[[ RAW DATA open ]]

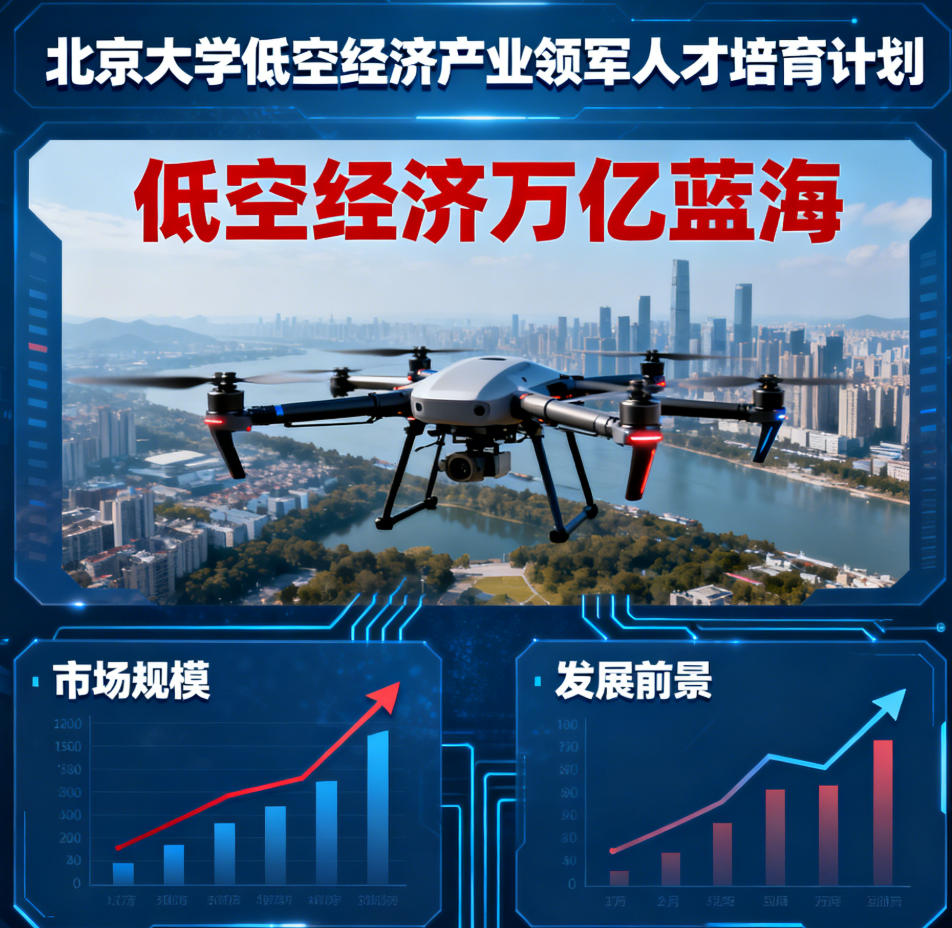 2024 年,低空经济首次被写入政府工作报告,标志着其作为“新质生产力” 的核心引擎地位得到国家层面的认可。据工信部预测,至 2030 年,中国低空经济规模将突破 2.5 万亿元,广泛覆盖物流、文旅、应急、农业等八大核心场景。在此背景下,北京大学集成电路学院凭借国家级智库资源与前沿技术积淀,携手工信部、民航局等权威机构,隆重推出“低空经济产业领军人才培育计划”。本计划旨在助力企业家在政策红利窗口期(2025-2027)抢占先机,构建行业话语权,引领产业升级。
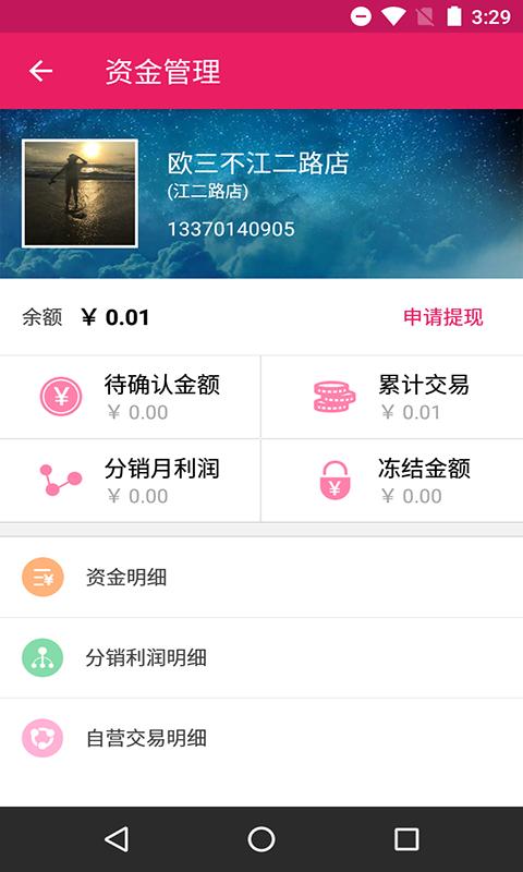 3. 账户资金管理明细:公开透明,分销自营,独立计算,时时提现
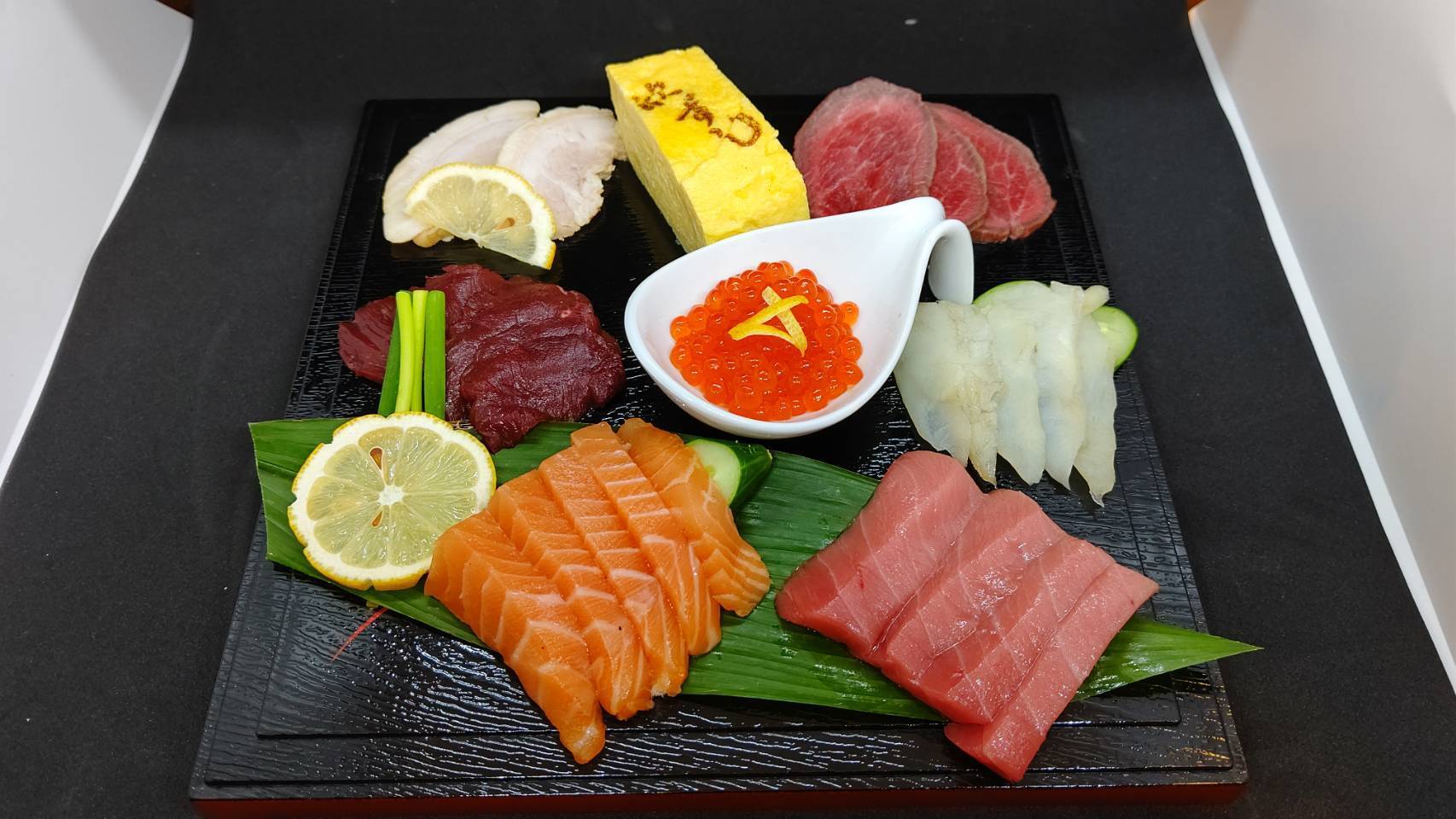 今回、みなさまにお届けさせていただきますのは、欣ずし特製おせち料理、オードブルです。目玉は、天然本マグロ中トロ、北海道蝦夷しか刺身(小鹿のため柔らかいです)、ふぐ刺し、ふぐの生ハム、とらふぐの唐揚げです。
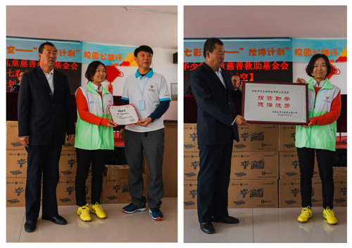 中華兒慈會七彩天空合作項目主任李鋼為華文眾合頒發慈善榮譽證書,黑山嘴小學鮑校長給華文眾合授了感謝牌匾。
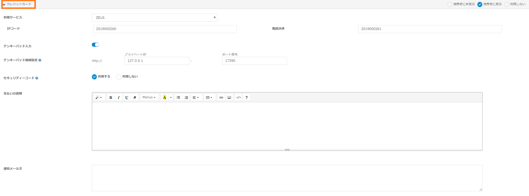 | 共通 | 利用可否 | クレジットカードの利用可否を指定します。 ・消費者に非表示:管理画面でのみ利用できます。 ・消費者に表示:管理画面、カート画面で利用できます。 ・利用しない:クレジットカードを利用しません。 |
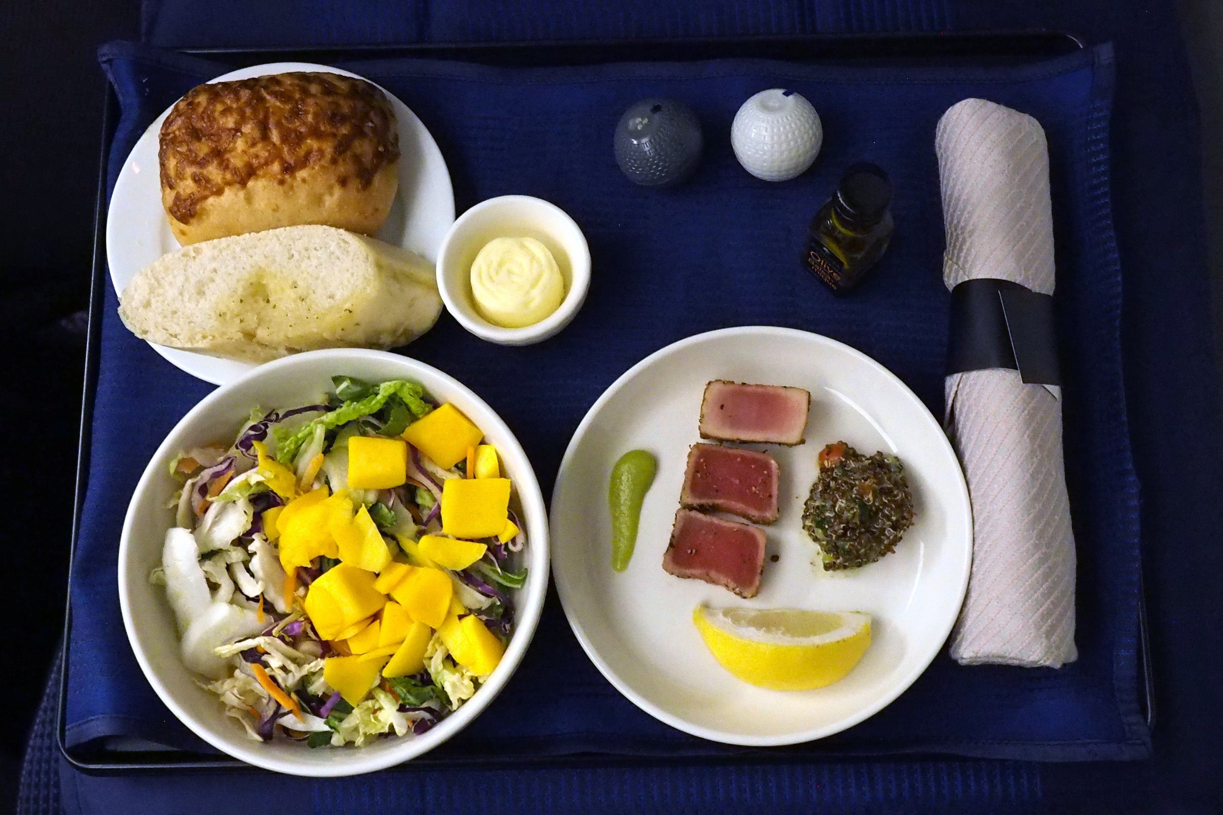 30 minutes after that (now an hour and 45 minutes after departure), the flight attendant brought my tray and appetizer. The bread wasn't warm enough, but the salad was interesting and fresh. I also liked the tuna appetizer.
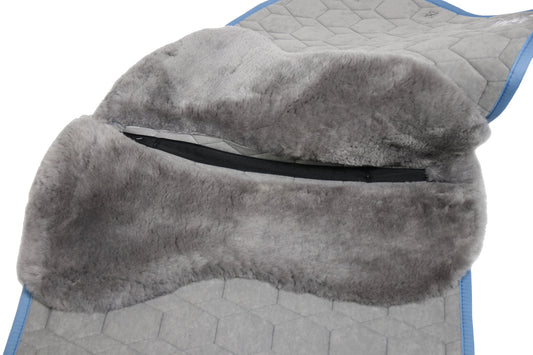 Eurofit Lammfell Schabracke Dressur Gr. L Glanzstoff Cornet Blue, Grau
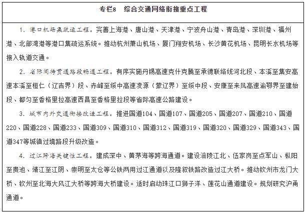 加快解決制約人民美好出行、貨物高效流通的瓶頸,強(qiáng)化綜合交通網(wǎng)絡(luò)有機(jī)銜接。打通公路省際待貫通路段,加強(qiáng)干線公路與城市道路有效銜接,推進(jìn)城鎮(zhèn)密集地區(qū)干線公路過境段、進(jìn)出城瓶頸路段升級改造。加強(qiáng)樞紐機(jī)場與軌道交通高效銜接,使換乘更加便捷。強(qiáng)化進(jìn)港區(qū)、進(jìn)園區(qū)、進(jìn)廠區(qū)、進(jìn)規(guī)?;r(nóng)產(chǎn)品基地等集疏運(yùn)設(shè)施建設(shè),加快推動(dòng)鐵路進(jìn)港口重點(diǎn)港區(qū)和大型工礦企業(yè)、物流園區(qū)、重點(diǎn)物資儲備庫。統(tǒng)籌考慮資源高效利用、生態(tài)環(huán)境保護(hù)和防洪航運(yùn)安全,有序建設(shè)各種運(yùn)輸方式共享通道資源的過江跨海通道。推動(dòng)超大特大城市的大型綜合客運(yùn)樞紐間通過軌道交通互連。加快實(shí)現(xiàn)聯(lián)系緊密的綜合貨運(yùn)樞紐間通過聯(lián)絡(luò)線或?qū)S猛ǖ阑ミB。
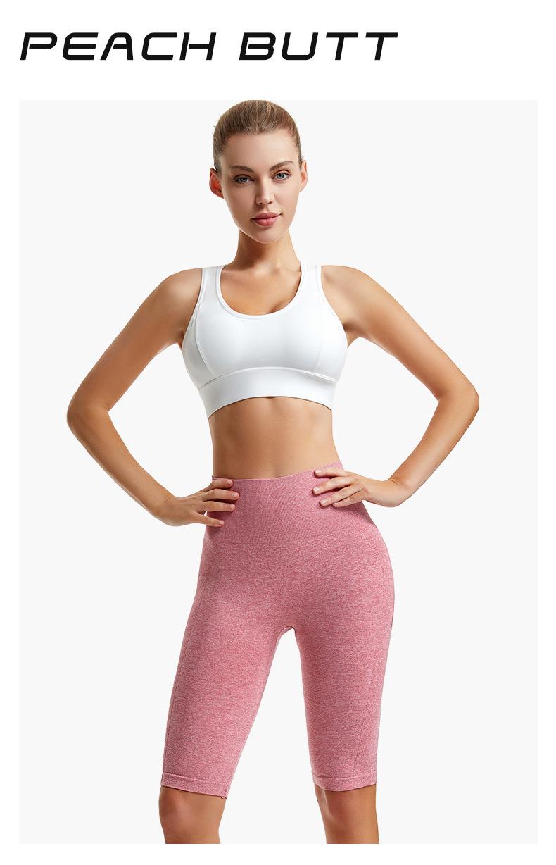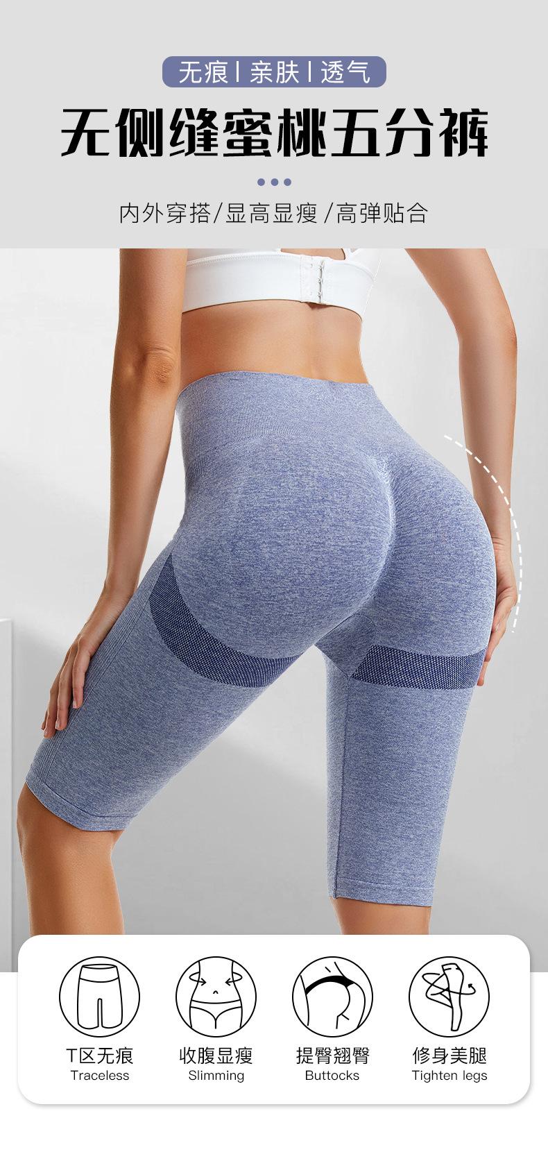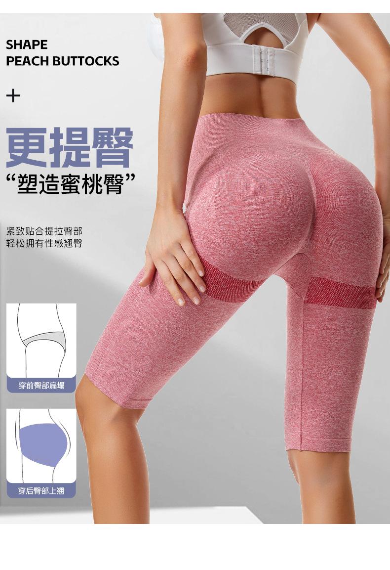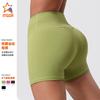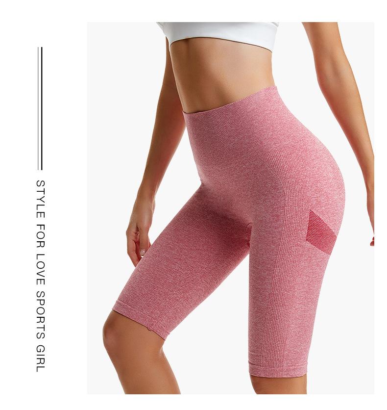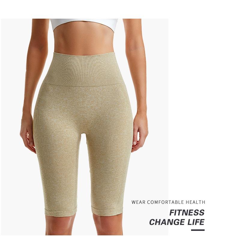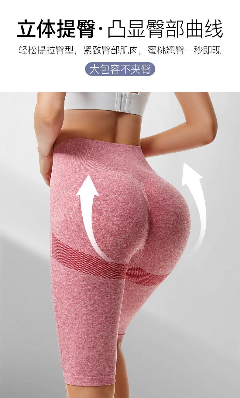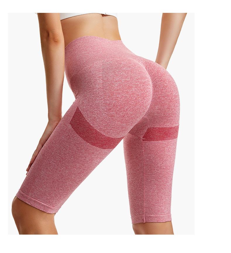 Pantalones cortos deportivos de fitness para mujer, de cintura alta, con realce de cadera y cinco puntos, ajustados, color melocotón, con cintura elástica alta y ajustados para el vientre.
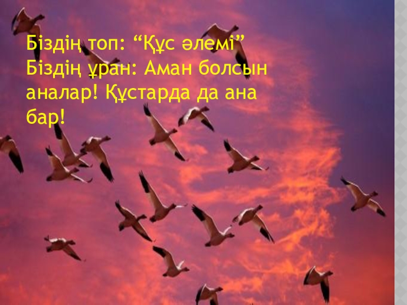 Біздің топ: “Құс әлемі” Біздің ұран: Аман болсын аналар! Құстарда да ана бар!

[[ RAW DATA closed ]]

Transcribe all of the entries word for word, but skip any pictures they contain.

• [TASK RESULT]
 2024 年,低空经济首次被写入政府工作报告,标志着其作为“新质生产力” 的核心引擎地位得到国家层面的认可。据工信部预测,至 2030 年,中国低空经济规模将突破 2.5 万亿元,广泛覆盖物流、文旅、应急、农业等八大核心场景。在此背景下,北京大学集成电路学院凭借国家级智库资源与前沿技术积淀,携手工信部、民航局等权威机构,隆重推出“低空经济产业领军人才培育计划”。本计划旨在助力企业家在政策红利窗口期(2025-2027)抢占先机,构建行业话语权,引领产业升级。
 3. 账户资金管理明细:公开透明,分销自营,独立计算,时时提现
 今回、みなさまにお届けさせていただきますのは、欣ずし特製おせち料理、オードブルです。目玉は、天然本マグロ中トロ、北海道蝦夷しか刺身(小鹿のため柔らかいです)、ふぐ刺し、ふぐの生ハム、とらふぐの唐揚げです。
 中華兒慈會七彩天空合作項目主任李鋼為華文眾合頒發慈善榮譽證書,黑山嘴小學鮑校長給華文眾合授了感謝牌匾。
 | 共通 | 利用可否 | クレジットカードの利用可否を指定します。 ・消費者に非表示:管理画面でのみ利用できます。 ・消費者に表示:管理画面、カート画面で利用できます。 ・利用しない:クレジットカードを利用しません。 |
 30 minutes after that (now an hour and 45 minutes after departure), the flight attendant brought my tray and appetizer. The bread wasn't warm enough, but the salad was interesting and fresh. I also liked the tuna appetizer.
 Eurofit Lammfell Schabracke Dressur Gr. L Glanzstoff Cornet Blue, Grau
 加快解決制約人民美好出行、貨物高效流通的瓶頸,強(qiáng)化綜合交通網(wǎng)絡(luò)有機(jī)銜接。打通公路省際待貫通路段,加強(qiáng)干線公路與城市道路有效銜接,推進(jìn)城鎮(zhèn)密集地區(qū)干線公路過境段、進(jìn)出城瓶頸路段升級改造。加強(qiáng)樞紐機(jī)場與軌道交通高效銜接,使換乘更加便捷。強(qiáng)化進(jìn)港區(qū)、進(jìn)園區(qū)、進(jìn)廠區(qū)、進(jìn)規(guī)?;r(nóng)產(chǎn)品基地等集疏運(yùn)設(shè)施建設(shè),加快推動(dòng)鐵路進(jìn)港口重點(diǎn)港區(qū)和大型工礦企業(yè)、物流園區(qū)、重點(diǎn)物資儲備庫。統(tǒng)籌考慮資源高效利用、生態(tài)環(huán)境保護(hù)和防洪航運(yùn)安全,有序建設(shè)各種運(yùn)輸方式共享通道資源的過江跨海通道。推動(dòng)超大特大城市的大型綜合客運(yùn)樞紐間通過軌道交通互連。加快實(shí)現(xiàn)聯(lián)系緊密的綜合貨運(yùn)樞紐間通過聯(lián)絡(luò)線或?qū)S猛ǖ阑ミB。
 Pantalones cortos deportivos de fitness para mujer, de cintura alta, con realce de cadera y cinco puntos, ajustados, color melocotón, con cintura elástica alta y ajustados para el vientre.
 Біздің топ: “Құс әлемі” Біздің ұран: Аман болсын аналар! Құстарда да ана бар!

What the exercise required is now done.